→ WHAT YOU WILL DO
Please retype the data below exactly, stopping after the line with "о профессии полицейского." and skipping every picture.
---- AVAILABLE DATA
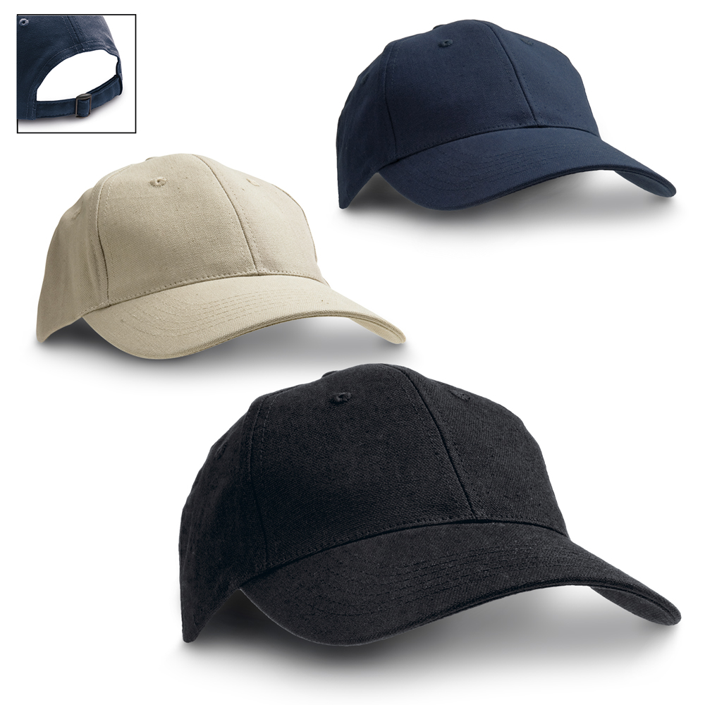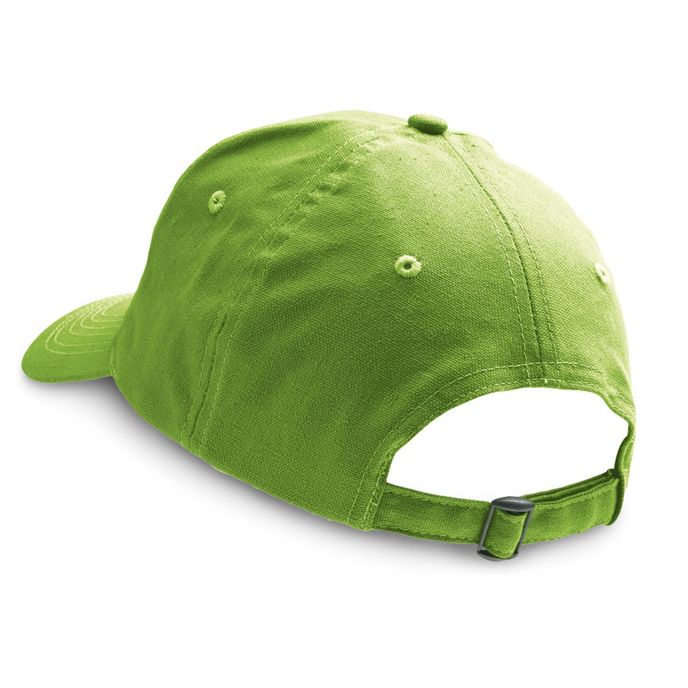 Gorra de lona de algodón 100%, con 6 paneles y orificios de ventilación. Ajustable con hebilla de metal
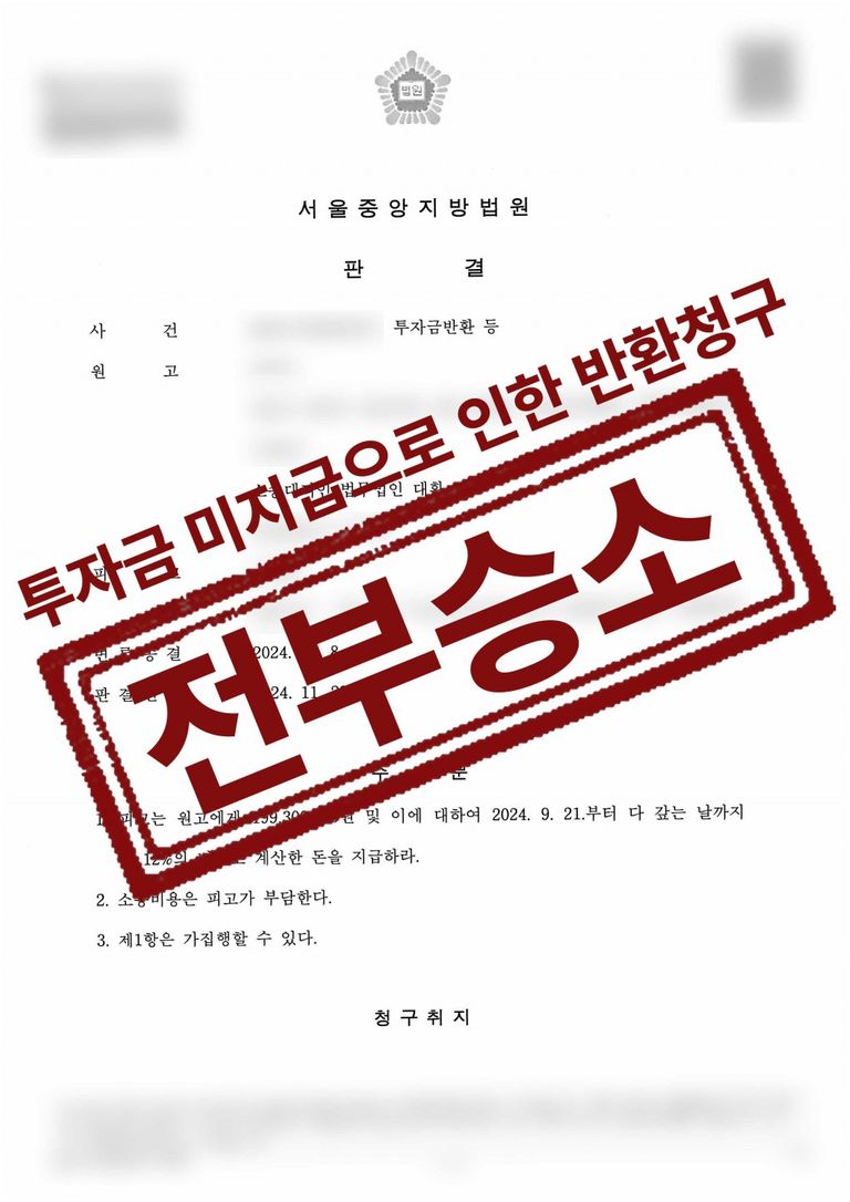 법무법인 대환에서 사실관계를 전부 검토한 결과 투자계약서상에서도 명확히 기재되어 있다는 점, 투자금 이체 내역이 있다는 점 등을 근거로 적극적으로 주장하였으며 이에 투자금 전액을 인정받고 반환 받을 수 있었습니다.
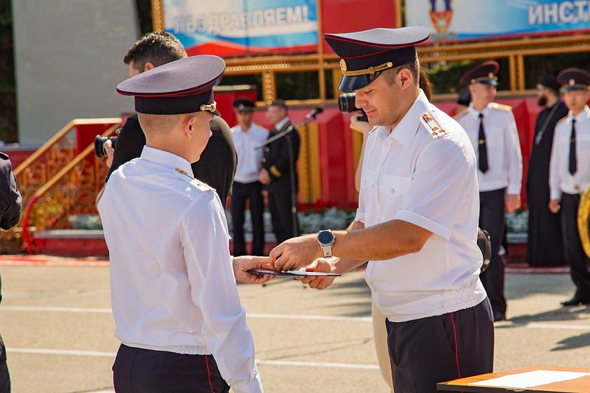 — Дорогие выпускники, вы приступаете к практической деятельности, в процессе которой вам предстоит решать сложные и ответственные задачи, возложенные на российскую полицию. В их числе — охрана общественного порядка, борьба с общеуголовной преступностью, терроризмом, экстремизмом, коррупцией. Приоритетным остаётся активное содействие Вооружённым Силам РФ в выполнении задач специальной военной операции, — обратился к выпускникам в приветственном адресе Владимир Кубышко, заместитель министра внутренних дел Российской Федерации, генерал-полковник полиции. — Благодарен руководству, профессорско-преподавательскому составу, командирам подразделений, а также нашим ветеранам и родителям выпускников за целенаправленный труд, поддержку и заботу, которые позволили вам реализовать мечту о профессии полицейского.
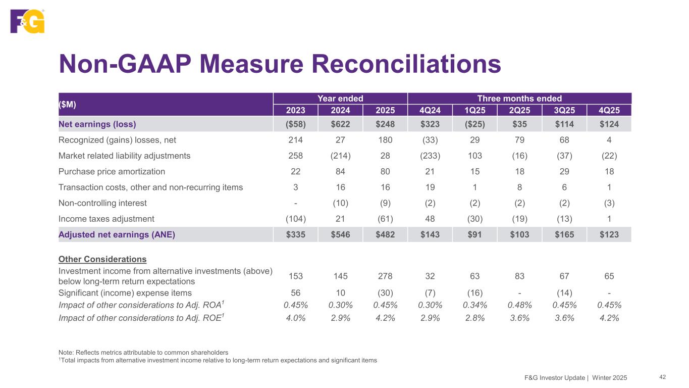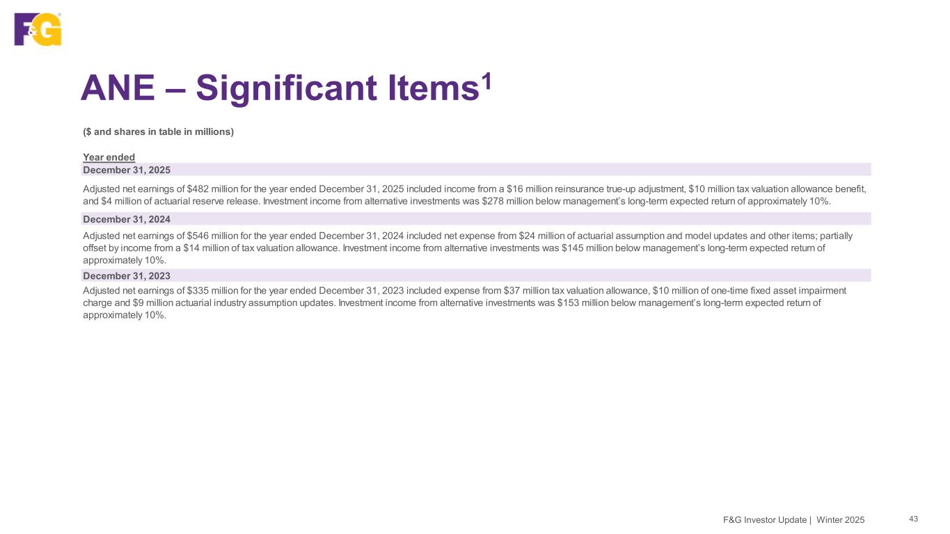 Non-GAAP Measure Reconciliations 42F&G Investor Update | Winter 2025 Note: Reflects metrics attributable to common shareholders 1Total impacts from alternative investment income relative to long-term return expectations and significant items ($M) Year ended Three months ended 2023 2024 2025 4Q24 1Q25 2Q25 3Q25 4Q25 Net earnings (loss) ($58) $622 $248 $323 ($25) $35 $114 $124 Recognized (gains) losses, net 214 27 180 (33) 29 79 68 4 Market related liability adjustments 258 (214) 28 (233) 103 (16) (37) (22) Purchase price amortization 22 84 80 21 15 18 29 18 Transaction costs, other and non-recurring items 3 16 16 19 1 8 6 1 Non-controlling interest - (10) (9) (2) (2) (2) (2) (3) Income taxes adjustment (104) 21 (61) 48 (30) (19) (13) 1 Adjusted net earnings (ANE) $335 $546 $482 $143 $91 $103 $165 $123 Other Considerations Investment income from alternative investments (above) below long-term return expectations 153 145 278 32 63 83 67 65 Significant (income) expense items 56 10 (30) (7) (16) - (14) - Impact of other considerations to Adj. ROA1 0.45% 0.30% 0.45% 0.30% 0.34% 0.48% 0.45% 0.45% Impact of other considerations to Adj. ROE1 4.0% 2.9% 4.2% 2.9% 2.8% 3.6% 3.6% 4.2%
--------
→ RESULT FOR THIS TASK
 Gorra de lona de algodón 100%, con 6 paneles y orificios de ventilación. Ajustable con hebilla de metal
 법무법인 대환에서 사실관계를 전부 검토한 결과 투자계약서상에서도 명확히 기재되어 있다는 점, 투자금 이체 내역이 있다는 점 등을 근거로 적극적으로 주장하였으며 이에 투자금 전액을 인정받고 반환 받을 수 있었습니다.
 — Дорогие выпускники, вы приступаете к практической деятельности, в процессе которой вам предстоит решать сложные и ответственные задачи, возложенные на российскую полицию. В их числе — охрана общественного порядка, борьба с общеуголовной преступностью, терроризмом, экстремизмом, коррупцией. Приоритетным остаётся активное содействие Вооружённым Силам РФ в выполнении задач специальной военной операции, — обратился к выпускникам в приветственном адресе Владимир Кубышко, заместитель министра внутренних дел Российской Федерации, генерал-полковник полиции. — Благодарен руководству, профессорско-преподавательскому составу, командирам подразделений, а также нашим ветеранам и родителям выпускников за целенаправленный труд, поддержку и заботу, которые позволили вам реализовать мечту о профессии полицейского.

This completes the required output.